Bed Bath & Beyond Inc. (BBBY) reports preliminary financial results for the quarter ended 2012-08-31.
Bed Bath & Beyond Inc.’s analysis versus peers uses the following peer-set: TJX Cos. (TJX), Macy’s Inc. (M), Williams-Sonoma Inc. (WSM), Pier 1 Imports Inc. (PIR), Shimachu Co. Ltd. (8184-JP), Siam Global House PCL (GLOBAL-TH), Kirkland’s Inc. (KIRK), easyhome Ltd. (EH) and Sunday Co. Ltd. (7450-JP). The table below shows the preliminary results along with the recent trend for revenues, net income and returns.
|Quarterly (USD million)||2012-08-31||2012-05-31||2012-02-29||2011-11-30||2011-08-31|
|Revenue Growth %||16.9||(18.8)||16.6||1.3||9.7|
|Net Income Growth %||8.5||(41.1)||53.6||(0.4)||27.0|
|Net Margin %||8.7||9.3||12.8||9.8||9.9|
|ROE % (Annualized)||23.0||21.2||35.9||23.4||23.4|
|ROA % (Annualized)||15.0||14.3||24.3||15.8||15.9|
Bed Bath & Beyond Inc.’s current Price/Book of 3.6 is about median in its peer group. BBBY-US’s operating performance is higher than the median of its chosen peers (ROE of 25.8% compared to the peer median ROE of 17.0%) but the market does not seem to expect higher growth relative to peers (PE of 14.0 compared to peer median of 12.4) but simply to maintain its relatively high rates of return.
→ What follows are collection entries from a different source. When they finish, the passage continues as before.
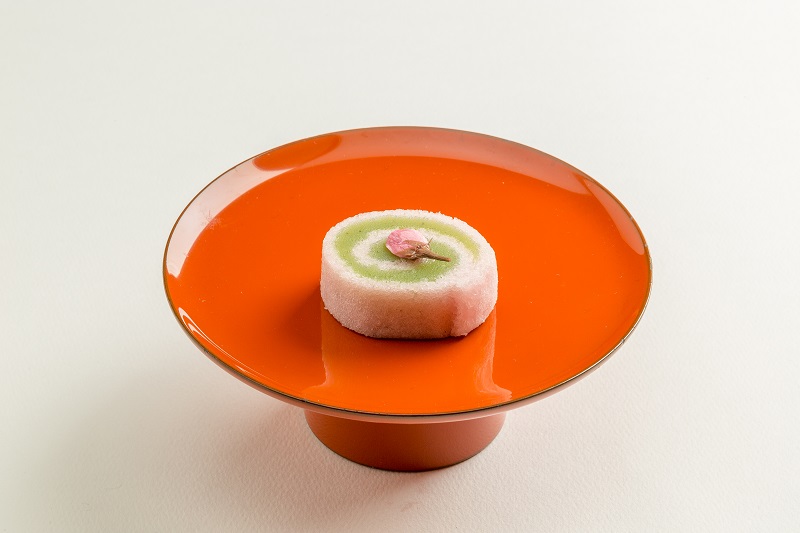 ふんわりとした軽羹で桜葉を加えた緑の羊羹を巻きあげました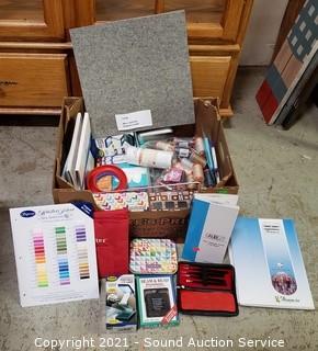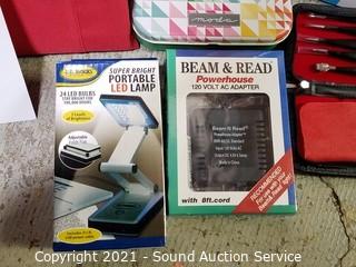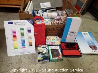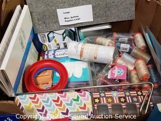 Lot Details: Gingher scissors, Ellesye precision tweezer kit, 120v AC adapter, portable led lamp, various thread, fabric marker & much more.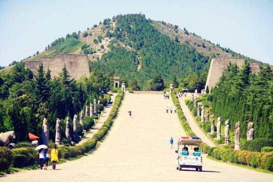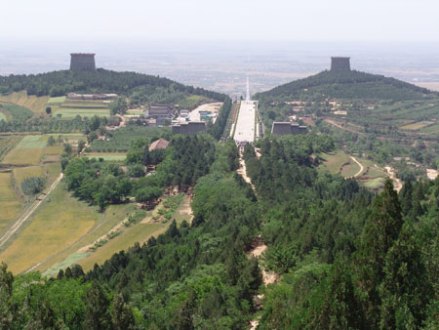 乾陵是第一批全國重點文物保護(hù)單位,也是盛唐文化的代表性旅游區(qū),位于乾縣城北6千米的梁山上,是中國唐王朝第三代皇帝高宗李治和中國歷史上唯一的女皇帝武則天的合葬陵,仿唐長安城格局構(gòu)筑,分為宮城、皇城和外城三個部分。內(nèi)城面積約為230萬平方米,有南朱雀、北玄武、東青龍、西白虎四門,外城周長40千米,F(xiàn)存有華表、翼馬、無字碑、六十一蕃臣石像等精美絕倫的大型石刻100多件。陵園的東南隅分布有17座陪葬墓,出土以唐三彩為代表的珍貴文物4000余件,壁畫1200多平方米,石雕線刻畫150平方米,其中永泰公主墓、章懷太子墓和懿德太子墓地宮已對中外游客開放,為國家4A級旅游景區(qū)。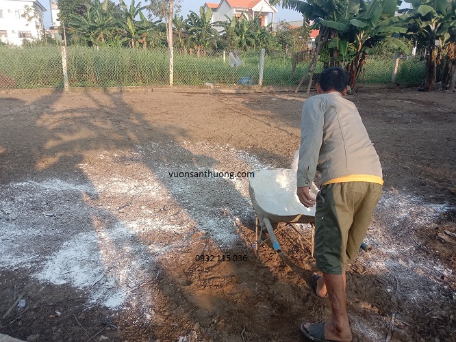 Bón vôi trước khi trồng và trộn đều với đất để đảm bảo vôi phát huy tối đa hiệu quả.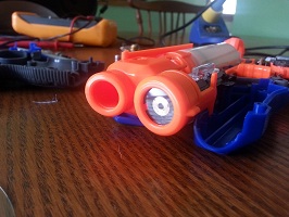 Another, better option might be to drill two small holes on that orange barrel, one directly to the left/right (depending on which way your laser is straying) and one below (or above, again, depends on what how your laser is off). Then put in a couple small screw, which you can then use to adjust and fine tune the sight. But realistically, this mod is overkill anyhow, it doesn't have to be dead on precise since the darts will start to stray in whatever direction they want after about 10 feet anyhow.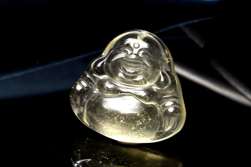 【1点物】AA激レア☆透明レモンカラー リビアングラス 19x19mm 布袋尊彫刻 トップ穴 ルース _PC4239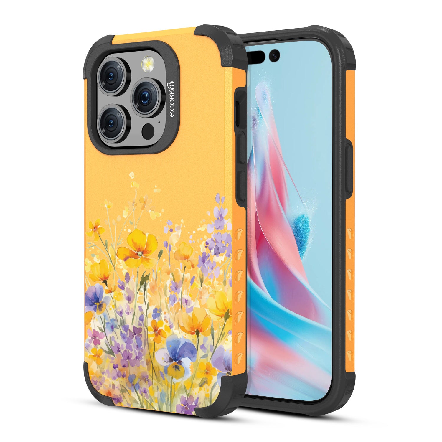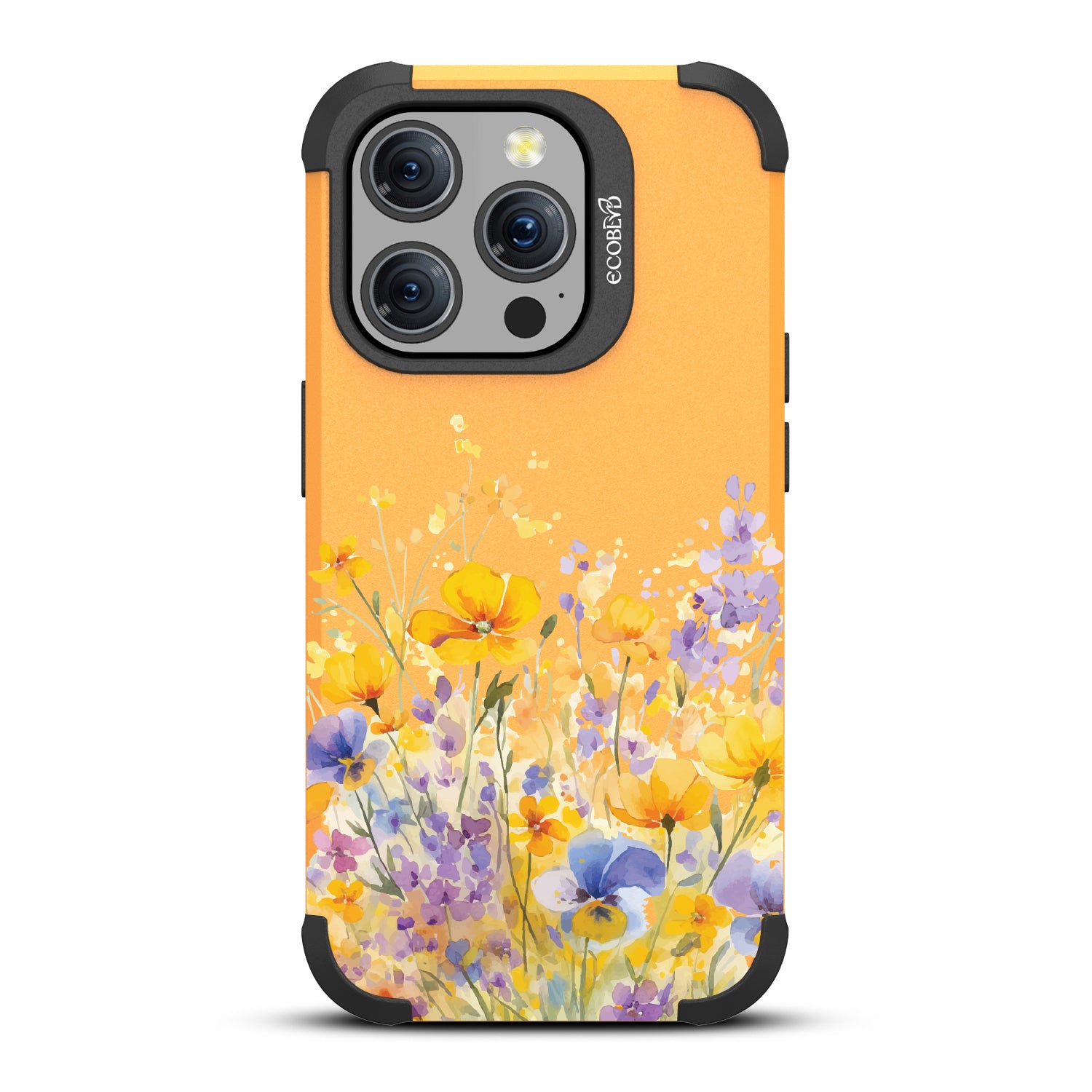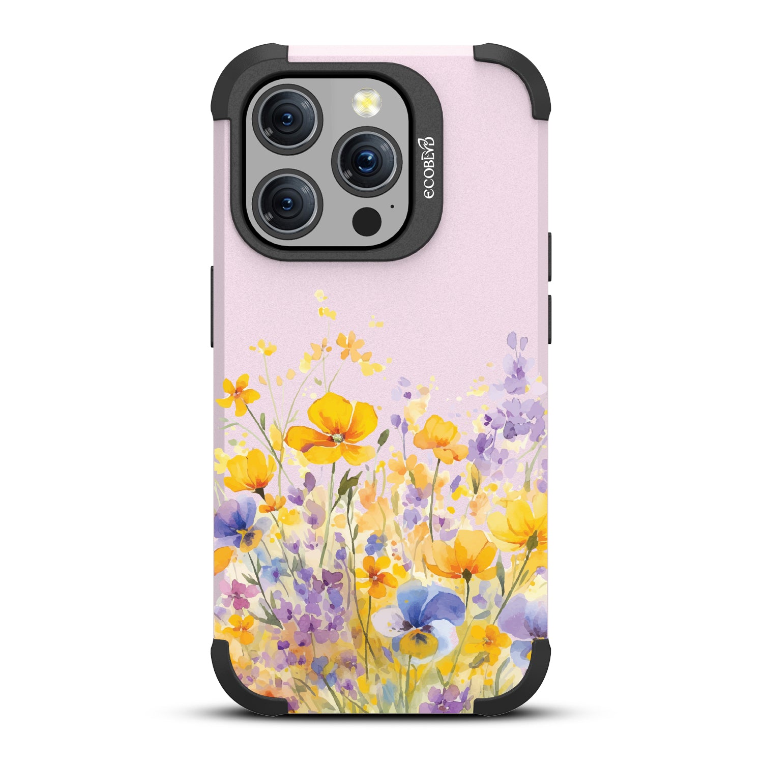 A moment in the light never looked so wild. The Meadowlight design on our Mojave rugged and compostable iPhone 15 Pro case lets soft florals run free in a watercolor wash of gold and lavender. A design that glows like a field at its most unfiltered.

The company attempts to achieve high profit margins (currently 10.2% vs. peer median of 5.5%) through differentiated products. It currently operates with peer median asset turns of 1.7x. BBBY-US’s net margin is similar to last year’s high of 10.4%, which compares to a low of 5.9% in 2009.
Growth in BBBY-US’s revenues and earnings have been in-line with its chosen peers (annual revenue growth of 8.5% and earnings growth of 25.0% respectively). Its top-line performance seems to imply ‘more of the same’ for earnings. BBBY-US is currently converting every 1% of change in revenue into 3.0% change in annual reported earnings.
BBBY-US’s return on assets is above its peer median both in the current period (17.1% vs. peer median 7.6%) and also over the past five years (14.0% vs. peer median 5.6%). This performance suggests that the company’s relatively high operating returns are sustainable.
The company’s gross margin of 42.2% is around peer median suggesting that BBBY-US’s operations do not benefit from any differentiating pricing advantage. However, BBBY-US’s pre-tax margin is more than the peer median (16.1% compared to 8.5%) suggesting relatively tight control on operating costs.
Growth & Investment Strategy
While BBBY-US’s revenues have grown faster than the peer median (9.6% vs. 5.0% respectively for the past three years), the market gives the stock an about peer median PE ratio of 14.0. This suggests that the market has some questions about the company’s long-term strategy.
BBBY-US’s annualized rate of change in capital of 9.3% over the past three years is higher than its peer median of 6.1%. This investment has generated an above peer median return on capital of 21.4% averaged over the same three years. Evidently, the relatively high capital investment was successful given the the relatively strong growth in its returns.
BBBY-US has reported relatively strong net income margin for the last twelve months (10.2% vs. peer median of 5.5%). This margin performance combined with relatively low accruals (2.0% vs. peer median of 3.6%) suggests possible aggressive accounting and an overstatement of its reported net income.
BBBY-US’s accruals over the last twelve months are around zero. However, this modestly positive level is also less than the peer median which suggests some amount of building of reserves.